* [Task goal]: Skip all pictures, then copy the lines from the start of the data through the line with "Gertrude Jekyll®(Ausbord) is", keeping both ends.

Extracted data entries
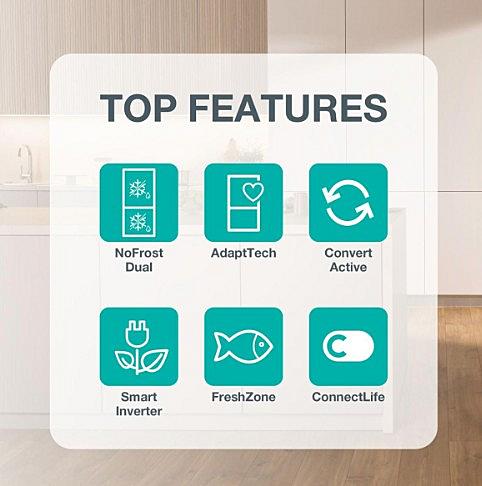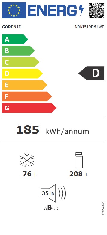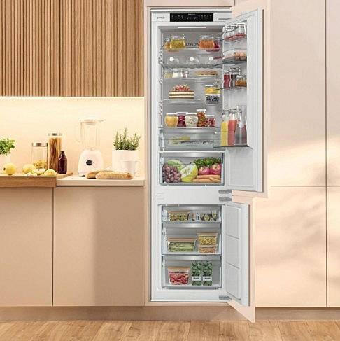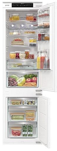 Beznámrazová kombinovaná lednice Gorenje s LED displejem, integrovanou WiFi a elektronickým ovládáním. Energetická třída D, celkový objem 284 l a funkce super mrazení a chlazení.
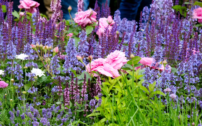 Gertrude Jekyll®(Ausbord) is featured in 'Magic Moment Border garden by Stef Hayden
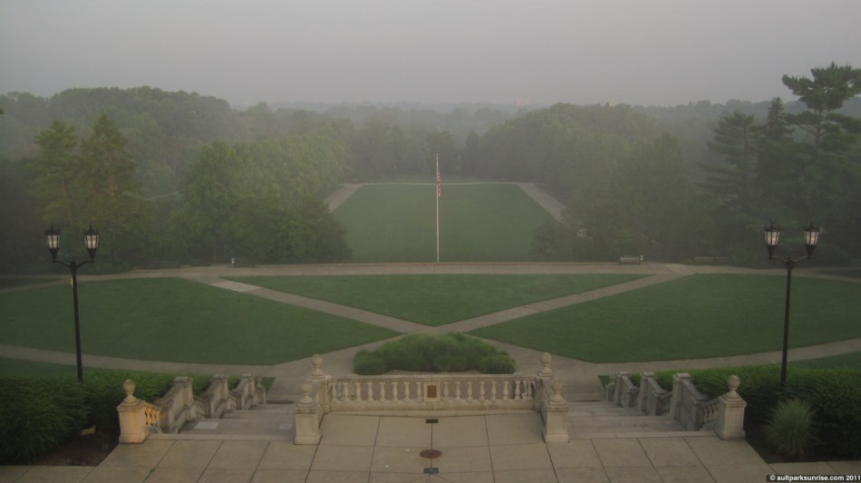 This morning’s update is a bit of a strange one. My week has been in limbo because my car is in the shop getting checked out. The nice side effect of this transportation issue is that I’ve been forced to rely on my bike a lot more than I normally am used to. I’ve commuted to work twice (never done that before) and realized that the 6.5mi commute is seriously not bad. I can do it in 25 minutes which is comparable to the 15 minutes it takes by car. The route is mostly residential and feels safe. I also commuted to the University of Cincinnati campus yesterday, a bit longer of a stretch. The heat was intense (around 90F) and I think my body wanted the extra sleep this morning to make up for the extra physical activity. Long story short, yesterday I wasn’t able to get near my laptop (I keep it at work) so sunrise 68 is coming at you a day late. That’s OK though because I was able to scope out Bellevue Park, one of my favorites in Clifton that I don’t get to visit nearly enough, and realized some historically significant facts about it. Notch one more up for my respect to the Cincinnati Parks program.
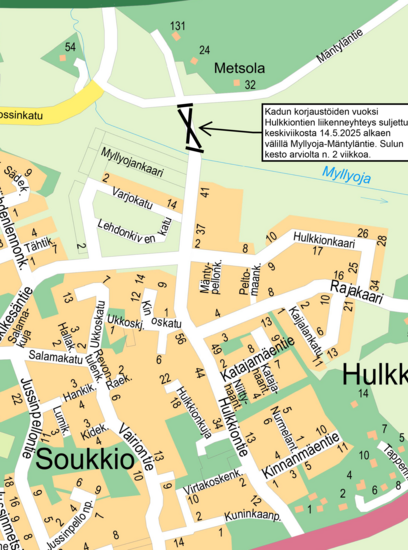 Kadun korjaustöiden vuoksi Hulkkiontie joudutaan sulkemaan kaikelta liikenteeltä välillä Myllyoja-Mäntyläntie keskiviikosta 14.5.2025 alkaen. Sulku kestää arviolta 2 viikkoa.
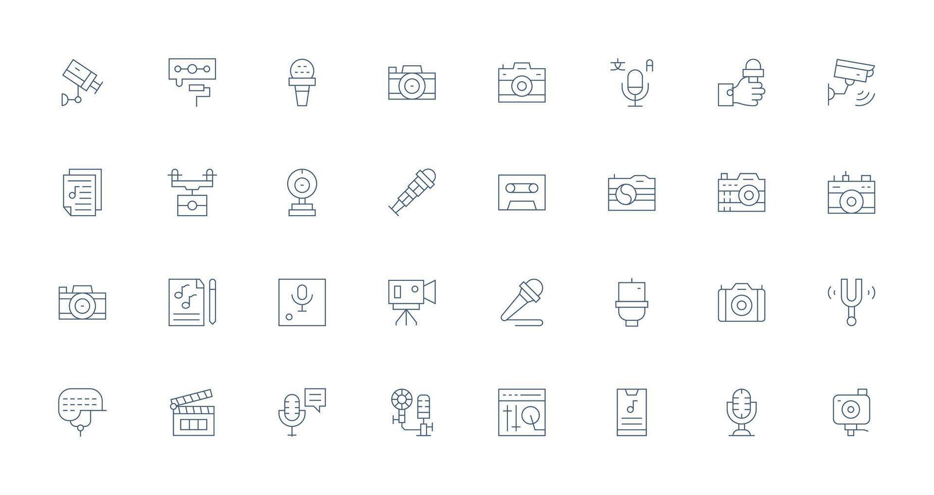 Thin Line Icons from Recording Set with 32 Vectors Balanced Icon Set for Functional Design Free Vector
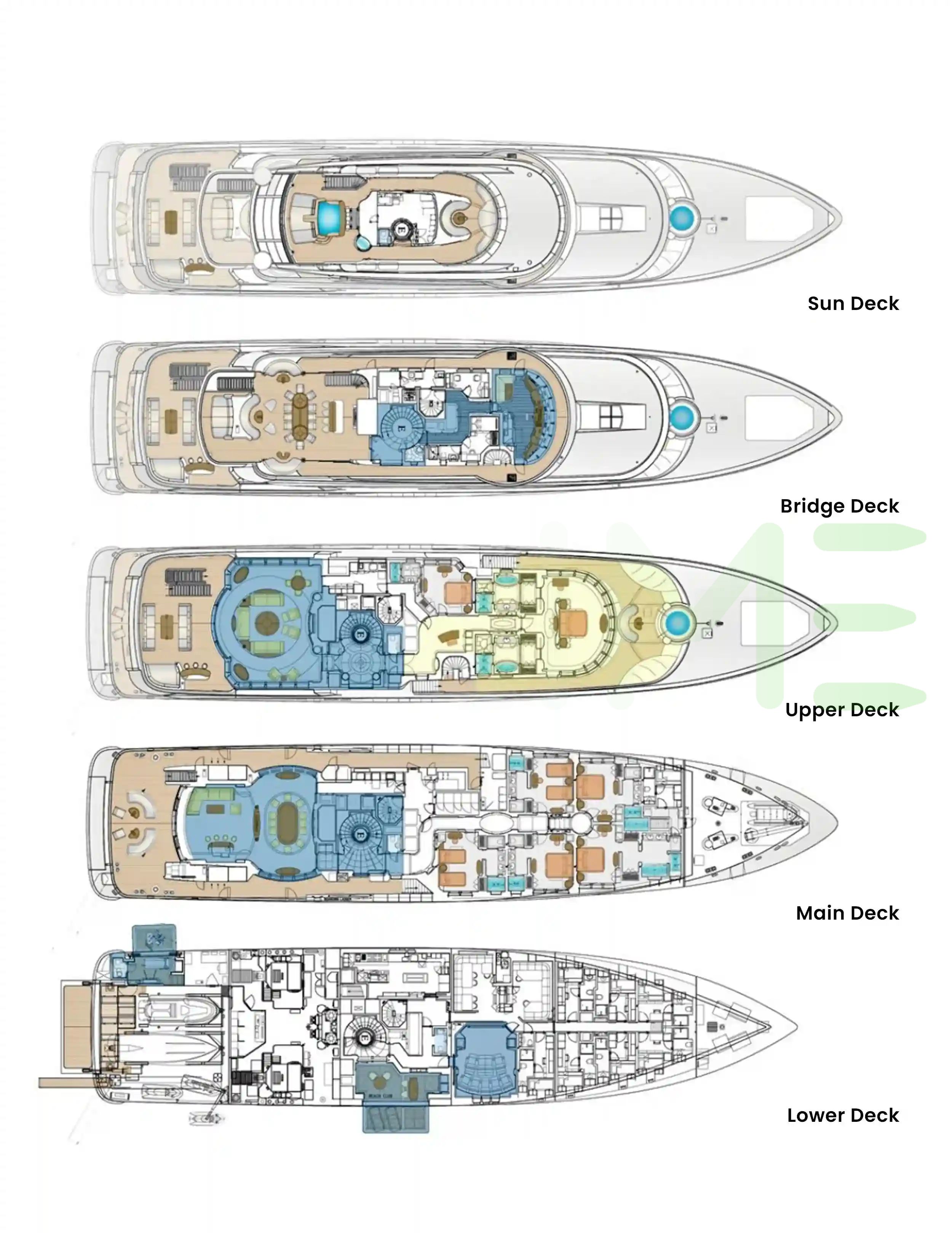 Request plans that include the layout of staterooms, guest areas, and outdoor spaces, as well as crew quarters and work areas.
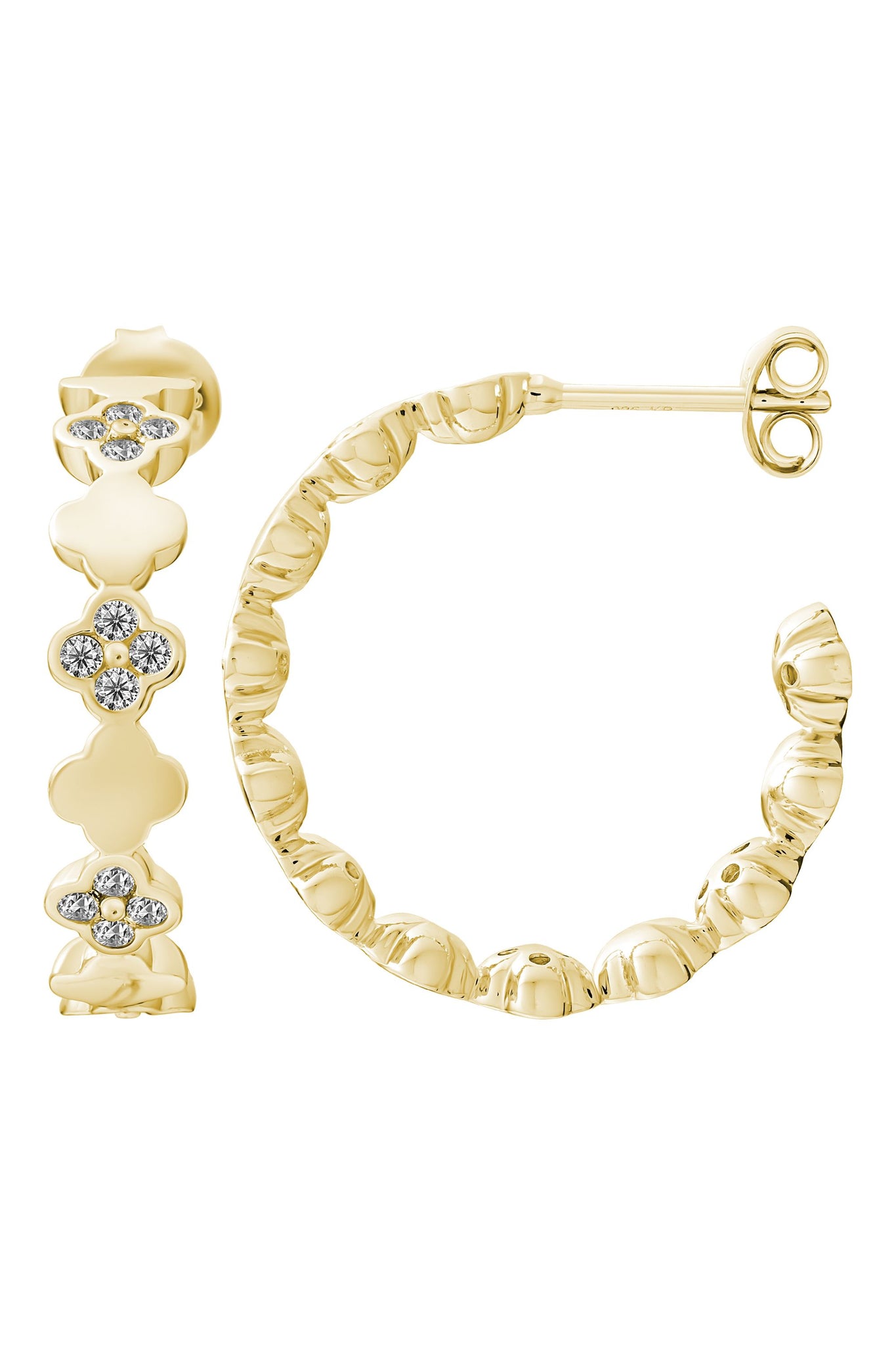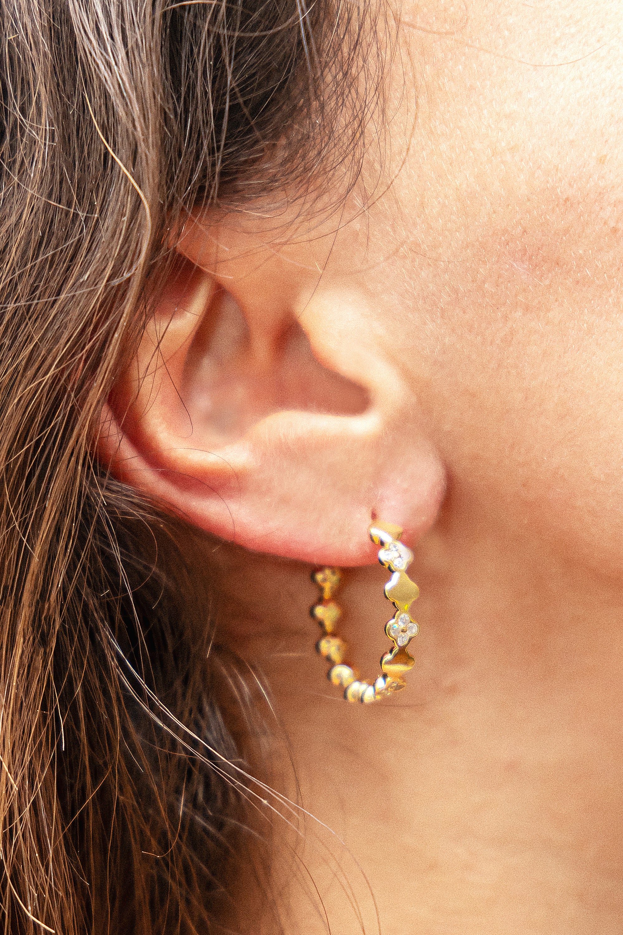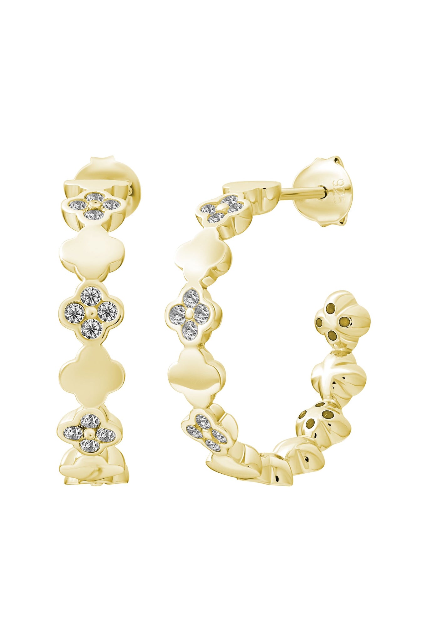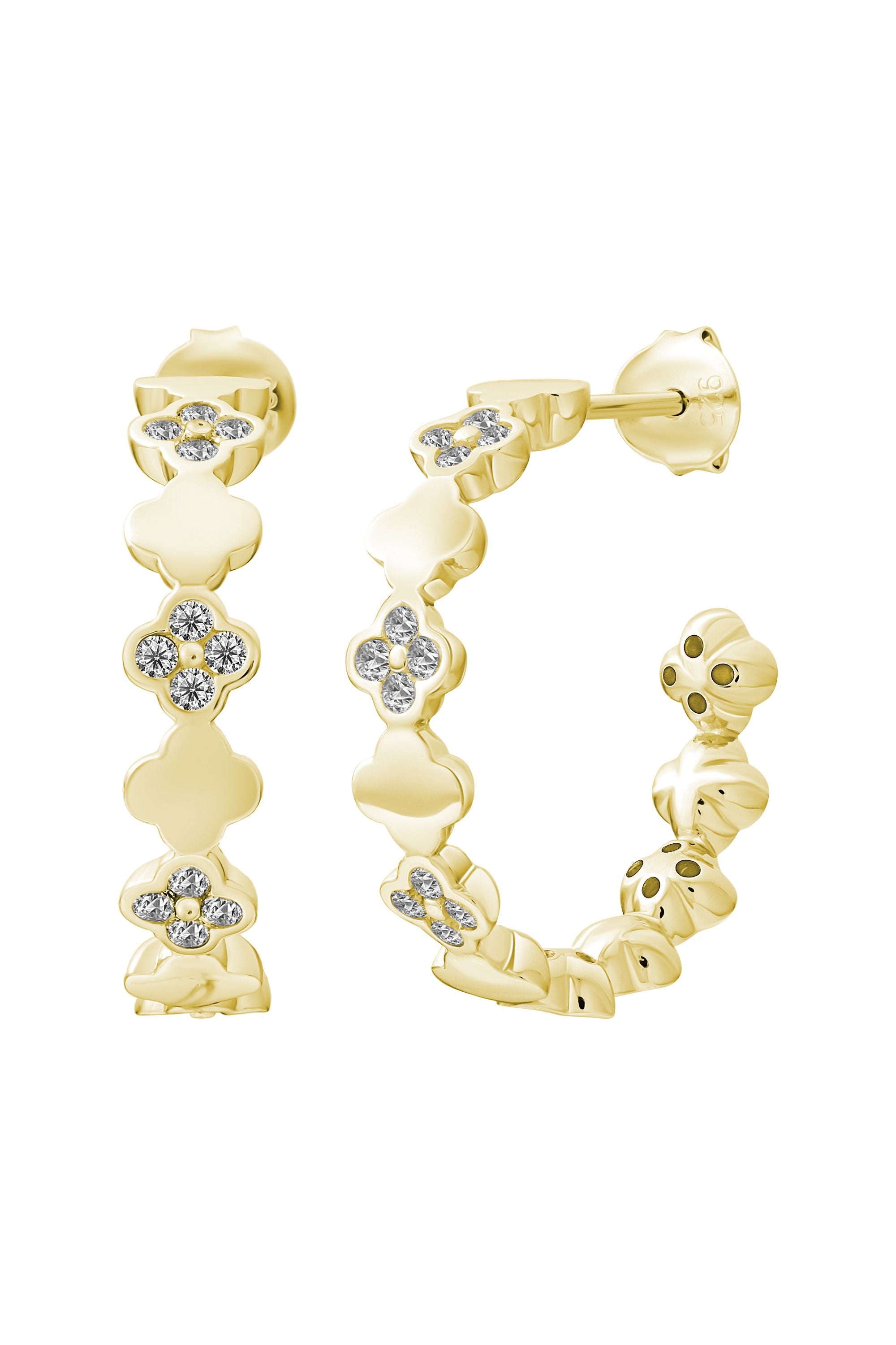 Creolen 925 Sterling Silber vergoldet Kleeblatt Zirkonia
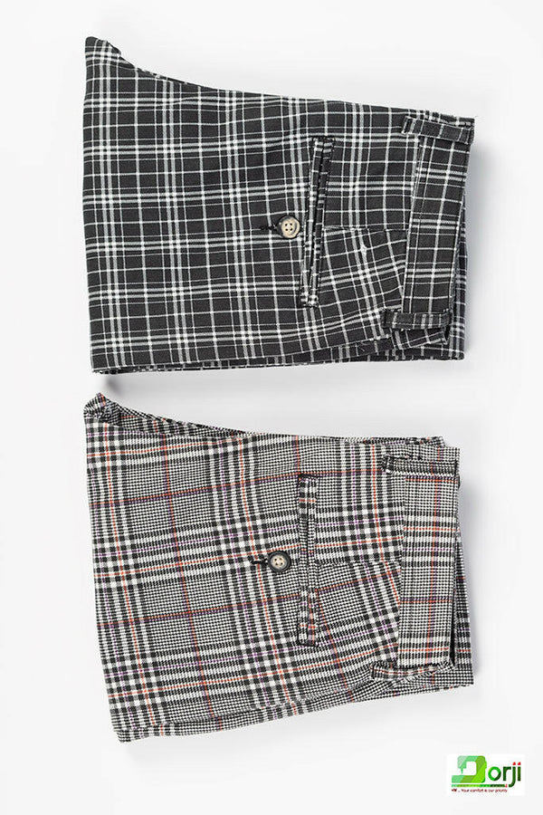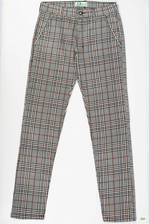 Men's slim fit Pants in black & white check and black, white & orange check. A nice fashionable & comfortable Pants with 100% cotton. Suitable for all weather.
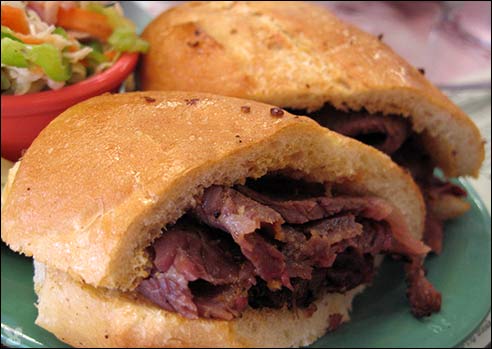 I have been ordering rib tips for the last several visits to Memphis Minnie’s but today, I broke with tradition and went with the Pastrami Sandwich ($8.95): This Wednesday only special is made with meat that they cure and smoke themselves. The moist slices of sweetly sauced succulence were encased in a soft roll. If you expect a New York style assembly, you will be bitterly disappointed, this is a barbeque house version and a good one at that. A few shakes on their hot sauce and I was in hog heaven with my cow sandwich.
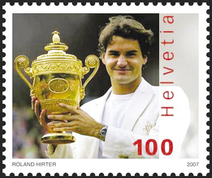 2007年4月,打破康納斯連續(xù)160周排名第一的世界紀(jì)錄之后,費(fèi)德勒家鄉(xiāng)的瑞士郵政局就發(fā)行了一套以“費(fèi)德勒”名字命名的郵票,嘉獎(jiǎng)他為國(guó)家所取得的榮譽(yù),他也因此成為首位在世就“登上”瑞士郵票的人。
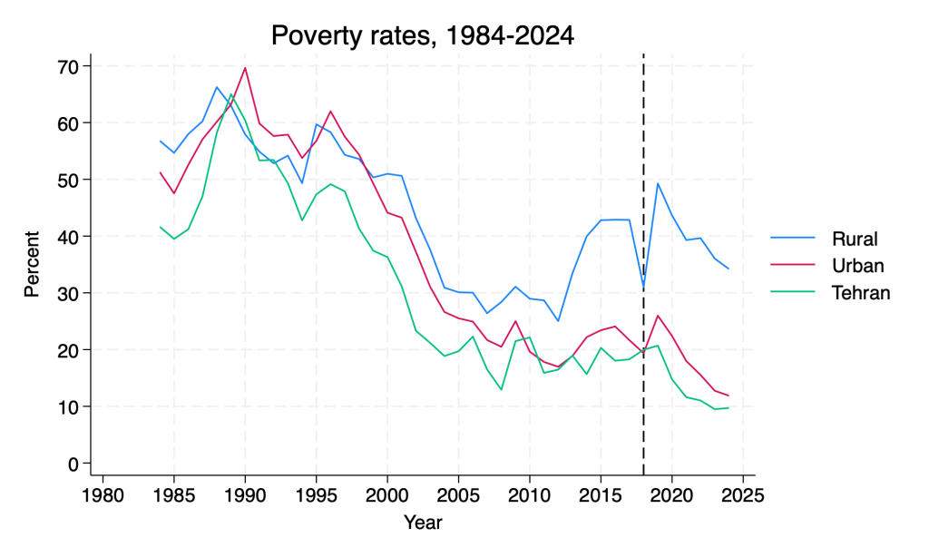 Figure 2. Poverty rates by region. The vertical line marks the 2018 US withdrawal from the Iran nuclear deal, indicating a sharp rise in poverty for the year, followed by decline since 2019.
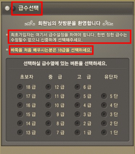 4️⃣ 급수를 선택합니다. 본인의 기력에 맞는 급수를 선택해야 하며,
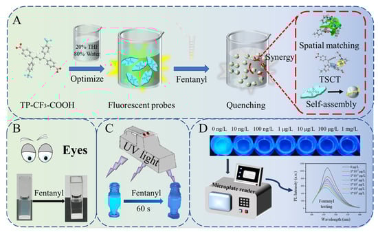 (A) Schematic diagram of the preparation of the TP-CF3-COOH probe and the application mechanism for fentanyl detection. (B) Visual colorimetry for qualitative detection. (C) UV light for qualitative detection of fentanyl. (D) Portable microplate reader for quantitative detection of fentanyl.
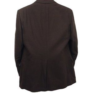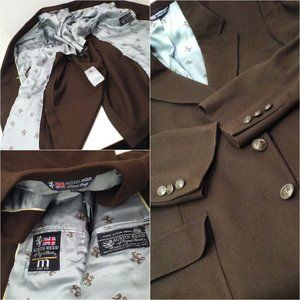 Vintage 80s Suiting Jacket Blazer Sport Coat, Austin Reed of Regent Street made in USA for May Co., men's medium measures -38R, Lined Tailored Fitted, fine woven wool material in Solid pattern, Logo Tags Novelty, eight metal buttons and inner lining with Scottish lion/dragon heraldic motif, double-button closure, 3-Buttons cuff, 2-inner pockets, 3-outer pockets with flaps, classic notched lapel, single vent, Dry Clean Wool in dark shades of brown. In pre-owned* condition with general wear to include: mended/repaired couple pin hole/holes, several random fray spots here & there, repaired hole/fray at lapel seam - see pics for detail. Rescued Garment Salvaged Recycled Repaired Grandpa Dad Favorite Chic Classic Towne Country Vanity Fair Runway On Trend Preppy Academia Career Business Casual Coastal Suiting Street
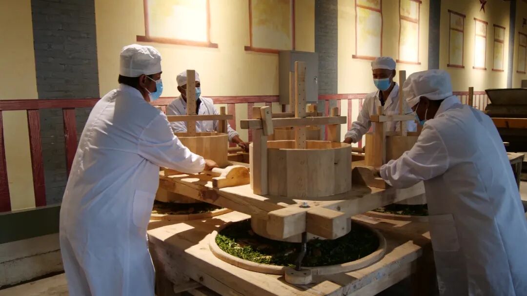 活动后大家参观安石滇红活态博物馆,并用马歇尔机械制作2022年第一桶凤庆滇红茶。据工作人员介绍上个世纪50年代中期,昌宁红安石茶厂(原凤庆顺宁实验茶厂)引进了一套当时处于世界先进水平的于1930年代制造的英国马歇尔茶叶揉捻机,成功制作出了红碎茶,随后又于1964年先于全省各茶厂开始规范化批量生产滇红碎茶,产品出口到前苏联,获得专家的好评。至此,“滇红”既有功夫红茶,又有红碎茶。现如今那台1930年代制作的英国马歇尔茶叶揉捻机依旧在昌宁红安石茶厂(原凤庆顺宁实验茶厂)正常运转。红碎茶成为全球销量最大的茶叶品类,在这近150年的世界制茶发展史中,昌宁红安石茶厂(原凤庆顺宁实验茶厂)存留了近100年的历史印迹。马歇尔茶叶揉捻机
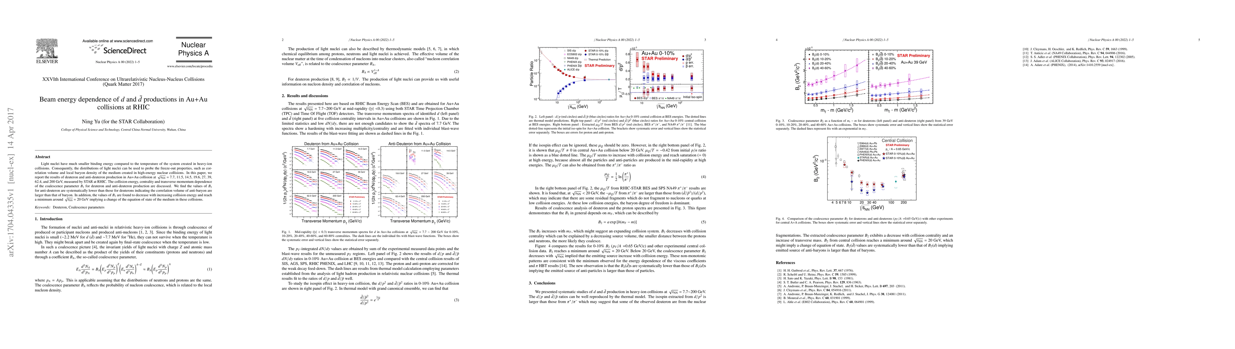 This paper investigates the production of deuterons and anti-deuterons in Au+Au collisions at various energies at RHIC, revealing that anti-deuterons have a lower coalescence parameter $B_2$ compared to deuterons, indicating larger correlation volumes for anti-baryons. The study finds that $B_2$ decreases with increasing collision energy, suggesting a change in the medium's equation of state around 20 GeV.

* [Task response]:
 Beznámrazová kombinovaná lednice Gorenje s LED displejem, integrovanou WiFi a elektronickým ovládáním. Energetická třída D, celkový objem 284 l a funkce super mrazení a chlazení.
 Gertrude Jekyll®(Ausbord) is featured in 'Magic Moment Border garden by Stef Hayden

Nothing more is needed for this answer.